School Choice Programs and Initiatives:
• Wisconsin Parental Choice Program: Open the choice program to school districts with at least two underperforming schools (those receiving school report card grades of “fails to meet expectations” or “meets few expectations”), at least 4,000 students, and at least 20 students intending to participate in the program. This expansion will be capped at 500 students statewide for fiscal year 2014 and 1,000 students statewide for fiscal year 2015. Eligibility requirements for students would be similar to current choice program eligibility requirements.
• Charter School Oversight Board: The board will enable the further development of the independent charter school system, while creating a new level of accountability for all levels of the system and helping to preserve local control.
• The budget creates a charter school oversight board to manage the authorization of local, independent charter school authorizers.
• New local authorizers must be nonprofit, nonsectarian entities or groups of such entities.
• While charter schools can be built physically anywhere, only students in school districts with at least 4,000 students and schools with a “D” or “F” on their report card (the same criteria as choice) will be able attend without the possibility of a district veto. Students in smaller or higher performing districts will need district permission to attend an independent charter.
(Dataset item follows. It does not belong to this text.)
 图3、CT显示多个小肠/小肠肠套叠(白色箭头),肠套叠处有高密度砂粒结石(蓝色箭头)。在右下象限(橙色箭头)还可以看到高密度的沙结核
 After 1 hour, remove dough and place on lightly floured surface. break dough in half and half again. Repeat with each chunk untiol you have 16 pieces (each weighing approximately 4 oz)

• When applying to the board, applicant entities must include detailed information on the financial and educational viability of the school to ensure accountability. The authorizer would be responsible for ensuring performance targets are set and met.
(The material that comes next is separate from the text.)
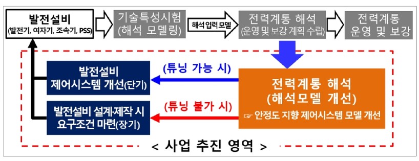 이에 따라 계통안정성 향상을 위한 현행의 계통운영상의 대책에 더하여 그간 국내에서는 시도되어 본 적이 없는 취약지역 발전설비의 제어시스템을 계통해석과 설비 영향을 정밀하게 모의하고 튜닝하여, 계통안정성을 향상시킬 수 있는 성능으로 개선하는 기술개발 사업이다.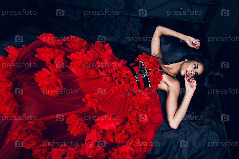 Женщина в красном платье на кровати

• On an ongoing basis, authorizers are required to approve only high-quality school applications, monitor performance, and provide annual reports regarding performance.
• Course Options: Expand the part-time open enrollment program by permitting pupils to take up to two courses from a pool of education providers including public (traditional or virtual) K-12 schools, University of Wisconsin institutions, technical colleges, and other Department of Public Instruction (DPI) approved non-profits. This innovative program will allow K-12 students to take any course aligned with their Academic and Career Plan to move them closer to graduation. Students, especially those in rural areas, will now have access to a variety of foreign languages and rigorous AP classes, which they cannot currently access. In addition, it will give students options to take courses with a different approach to a course they are struggling in.
• Special Needs Scholarship: Further enhance the ability of families to choose alternative education options by creating a Special Needs Scholarship Program, through which a child with special needs may receive a state-funded scholarship to attend the school of his or her choice.
• Home Schooled Students: The budget will eliminate grade and residency restrictions on the ability of homeschooled pupils to take courses in a school district. This will expand traditional and virtual options to these students, while allowing school districts to get additional credit (0.25 FTE per course) towards their enrollment counts.
• Moving Towards Funding Parity: In an effort to move towards greater funding equity among all education sectors, Governor Walker will add funding to each sector. The charter school per pupil payment is increased by 1 percent in each year, from $7,775 in the current year to $7,852 for the 2013-14 school year and $7,931 in the 2014-15 school year. Payments to students in choice programs are also increased from $6,442 to $7,050 for K-8 schools and $7,856 for high schools beginning in the 2014-15 school year, the first increase since 2009-10.